Alternatives considered
-
Sonnet for all tiers. Rejected on unit economics. At Free-tier scale (50,000 users × $2.70/mo each = $135K/mo) the Free tier loses ~$85K/mo at the V1 conversion floor unless Free → Pro conversion roughly doubles from the projected 5%. There is no empirical evidence that Sonnet-Free would convert better than Haiku-Free, and the cost downside is large enough that “let’s try Sonnet and see” is not an acceptable bet at this stage.
-
Haiku for all tiers. Rejected on product differentiation. The Pro tier’s value proposition is “smarter advisor on your data” — that requires Sonnet’s nuance on Pro chat, advanced reports, and the brain editor. Demoting Pro to Haiku removes the differentiator and likely tanks Pro conversion entirely.
-
Locally-hosted Ollama-class model for Free.
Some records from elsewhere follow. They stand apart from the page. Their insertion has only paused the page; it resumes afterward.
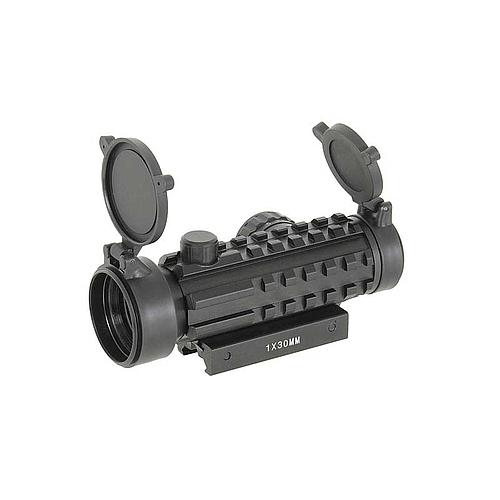 Viseur Point rouge et vert 1x30 en aluminium avec 3 rails picatinny pour fixer des accessoires dessus.
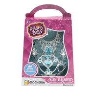 Set con corona, collana, orecchini e anello con scintillanti pietre.
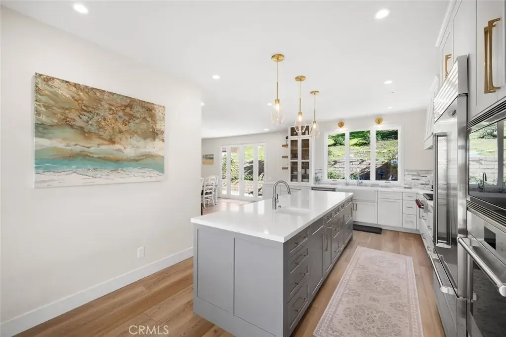 Completed in March 2023, the chef’s kitchen is the heart of the home and features top-tier Wolf appliances, a built-in Sub-Zero refrigerator, custom cabinetry, quartz countertops, and a deep farmhouse-style Rohl porcelain sink. A generous island with prep sink and seating for five anchors the space, complemented by a dry bar with wine refrigerator—ideal for entertaining. The space is completed by a show-stopping walk-in pantry.
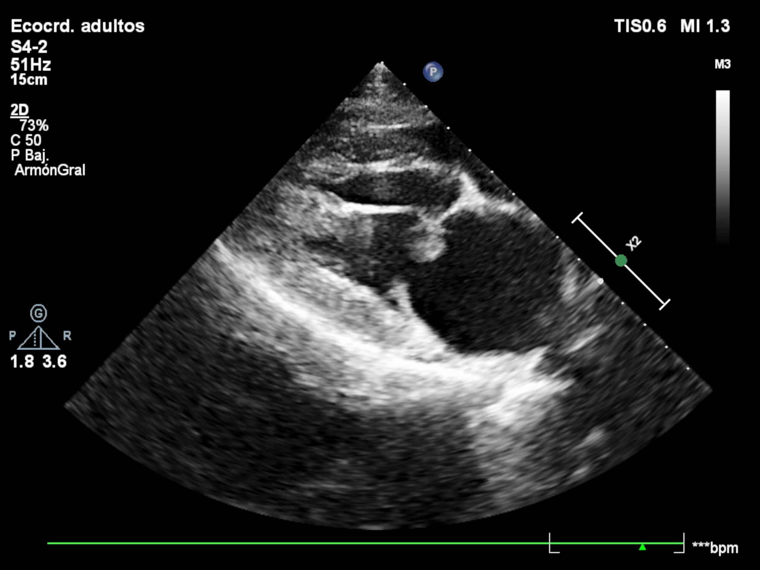 Mastín del Pirineo, macho castrado de 5 años, que acude por marcada debilidad generalizada, disuria y hematuria. En consulta se detectan mucosas congestivas, taquicardia de 180 latidos por minuto con ritmo irregular y fiebre de 40,3 °C. El electrocardiograma revela una arritmia ventricular multifocal. En el sedimento urinario se visualiza la presencia de piuria y bacteriuria con cocos intracelulares. Ante la sospecha de una urosepsis, se cursa un cultivo de orina y un hemocultivo (Tablas 1 y 2). Se realiza una ecocardiografía en la que se observa un engrosamiento marcado de la válvula mitral junto con la presencia de vegetaciones (Figura 3).
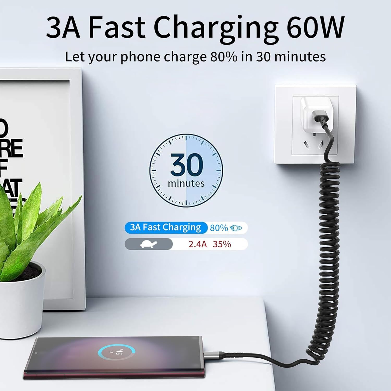 Lot De 2 Câbles Spiralés Usb C - 0,3 M - 1 M - Câble Usb A Vers Usb C Court - Câble De Charge Rapide Usb C - Pour Iphone 16/15/Plus/Promax, Galaxy S24 Ultra S23 Fe S22 S21, Google Pixel,

Considered at the 2026-05-11 Blair × Seth working session. Deferred 2026-05-20 — the GCP-hosted Anthropic Haiku approach is simpler, faster to ship, and avoids the operational cost of running model inference infrastructure. The Ollama-class path is preserved as a future cost-management consideration if Anthropic API pricing changes materially or the Free-tier user count scales past current modeling assumptions.
-
Multi-provider routing (Vertex AI Gemini as a second provider). Proposed in ADR-0020 (still Proposed at time of writing). Orthogonal to this decision — ADR-0020 governs which providers sit behind the mitigation seam; this ADR governs which Anthropic model each tier receives. Once ADR-0020 is Accepted, a future ADR can introduce per-(tier, operation) provider routing where Vertex makes economic sense (e.g., wrap-up generation, classification workloads). That doesn’t change the Free → Sonnet vs. Haiku decision; it adds a third option for narrow use cases.
-
Surgical promotion: one Haiku operation upgraded to Sonnet for Free users. Considered but not chosen as the V1 default — adds eval surface area without clear evidence of need. Listed as a dial-tightening lever (above) for use during beta if the data calls for it.